A range of factors are limiting the creation of PPPs in PNG's energy sector. The highly dispersed electricity market and thin population density makes power distribution away from generation sources more costly. Independent power producers engage mainly with PPL, and so lack credit-worthy purchasers of their services. This thin market condition makes it challenging for independent power producers to develop viable projects that are not aligned with PPL's own commercial objectives. Most independent power producers are dedicated to specific resource projects rather than a heterogeneous customer base. Uniform tariffs and political considerations influence tariff increases, reducing revenues and making it difficult to improve the sector's creditworthiness and attract PPPs in the distribution sub-sector.

The role of non-government organisations and community organisations in rural access to electricity is often overlooked. These groups are critical in provision of stand-alone energy services such as solar and mini-hydro to remote areas in Papua New Guinea.


WATER

Basic water supply and sanitation are significant challenges for Papua New Guinea. Approximately 61 per cent of the population do not have access to safe water and 55 per cent do not have access to improved sanitation. Papua New Guinea is therefore denied many of the benefits that increased access to water and sanitation can provide: improved health of people through reduction in diarrhoea, malnutrition, and stunting; increased time and household income through safe and convenient water supply; greater productivity leading to economic development and higher rates of gross domestic product; and business and tourism development.

PNG's progress in improving the water and sanitation sector is held back by a number of impediments: [16]

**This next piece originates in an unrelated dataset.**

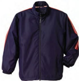
52311 POLY TRACK JACKET

Shell: 100% Micro Suede Polyester Upper Body Liner: 100% Quilted Nylon Taffeta Lower Body Liner: Micro Poly Fleece, 250 gm/m2

  1. the overall framework for service delivery and implementation [17]
  2. weak policy on water and sanitation;
  3. unclear institutional roles in the sector;
  4. lack of budget mechanisms for allocating and tracking expenditures to rural and urban water and sanitation;
  5. insufficient finance allocated to the sector;
  6. weak monitoring systems; and
  7. a scarcity of qualified technicians and managers.

Comparisons. Papua New Guinea has the lowest national water coverage of the Pacific region and is significantly below East Asia and Pacific and world comparators (Figure 5). Only the Marshall Islands has a lower percentage of piped coverage than Papua New Guinea. PNG's percentage of other improved water coverage is less than the world average and is the lowest for Pacific countries - a significant infrastructure challenge.

While very low, formal employment growth grew by 66 per cent between 2002 and 2016 (compared with population growth of 42 per cent). PNG's nominal GDP (both mining and non-mining) has tripled over the same period. However, employment levels have diminished since 2014 as economic growth continues to slow.

This employment growth masks difficult realities for PNG's young population. The ADB estimates that over 50 000 youths enter the labour market each year, while only a few thousand formal jobs are being created. The figure of 50 000 has been routinely quoted since the 1990s, and is in need of revision. The Department of Education reports that 23 692 students completed Grade 12 in 2016, competing for roughly 5000 places in tertiary institutions. Considering the majority of Papua New Guineans do not make it to Grade 12, the estimate of 50 000 youths entering the labour market each year is likely an underestimate.

Figure 5: Water coverage - Pacific countries

Source: Annabel Brown, Trevor Nott and David Shaw, WaterAid PNG Country Program Evaluation: Final Report - July 2015

Sanitation coverage is also very low in Papua New Guinea, with significant implications for water supply and public health. PNG's coverage is less than one-third of East Asia and Pacific and world averages and is the lowest among the Pacific nations (Figure 6). All but three other Pacific nations have three times the level of coverage available to PNG citizens.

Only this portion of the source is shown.